__REQUIREMENT__:
Pictures excluded, return the lines below from the first through the line holding "Höchster Stand (Kulmination)01:18".

__DATA SEGMENT__:
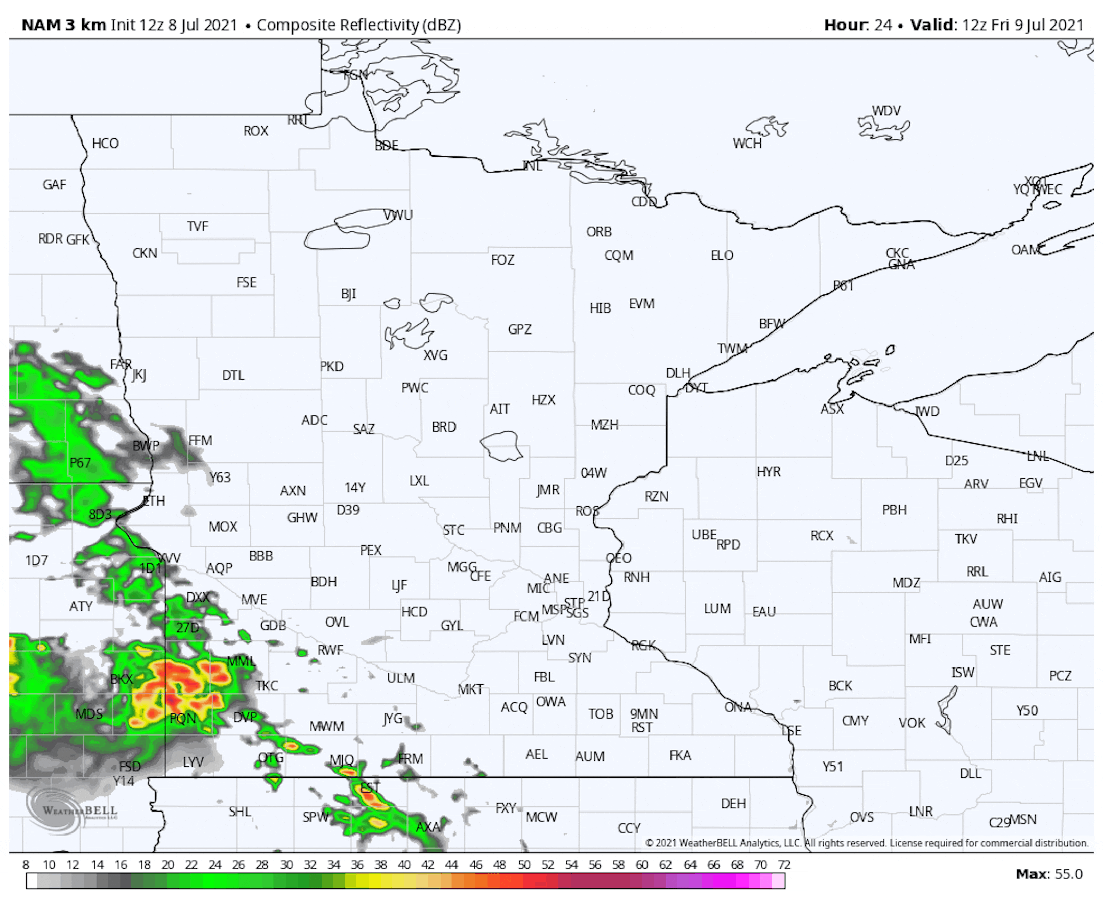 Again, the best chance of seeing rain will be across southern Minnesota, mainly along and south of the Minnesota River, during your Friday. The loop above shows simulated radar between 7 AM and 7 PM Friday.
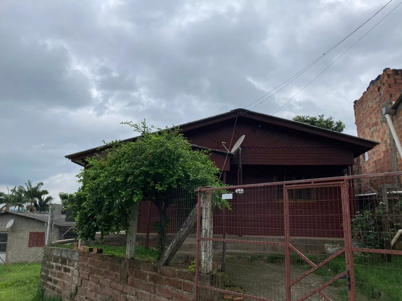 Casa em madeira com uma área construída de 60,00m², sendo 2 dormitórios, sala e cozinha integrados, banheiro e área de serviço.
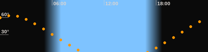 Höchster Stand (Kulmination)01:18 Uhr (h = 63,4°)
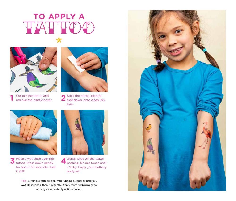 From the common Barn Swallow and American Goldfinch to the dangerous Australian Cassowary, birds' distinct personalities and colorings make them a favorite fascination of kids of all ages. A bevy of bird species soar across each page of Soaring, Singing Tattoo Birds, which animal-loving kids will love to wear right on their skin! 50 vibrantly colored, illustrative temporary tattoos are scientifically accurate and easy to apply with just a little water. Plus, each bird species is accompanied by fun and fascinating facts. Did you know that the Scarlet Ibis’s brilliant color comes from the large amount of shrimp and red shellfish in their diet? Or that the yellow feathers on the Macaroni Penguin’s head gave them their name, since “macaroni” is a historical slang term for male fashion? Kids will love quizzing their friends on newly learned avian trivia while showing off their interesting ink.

__PROBLEM SOLUTION__:
 Again, the best chance of seeing rain will be across southern Minnesota, mainly along and south of the Minnesota River, during your Friday. The loop above shows simulated radar between 7 AM and 7 PM Friday.
 Casa em madeira com uma área construída de 60,00m², sendo 2 dormitórios, sala e cozinha integrados, banheiro e área de serviço.
 Höchster Stand (Kulmination)01:18 Uhr (h = 63,4°)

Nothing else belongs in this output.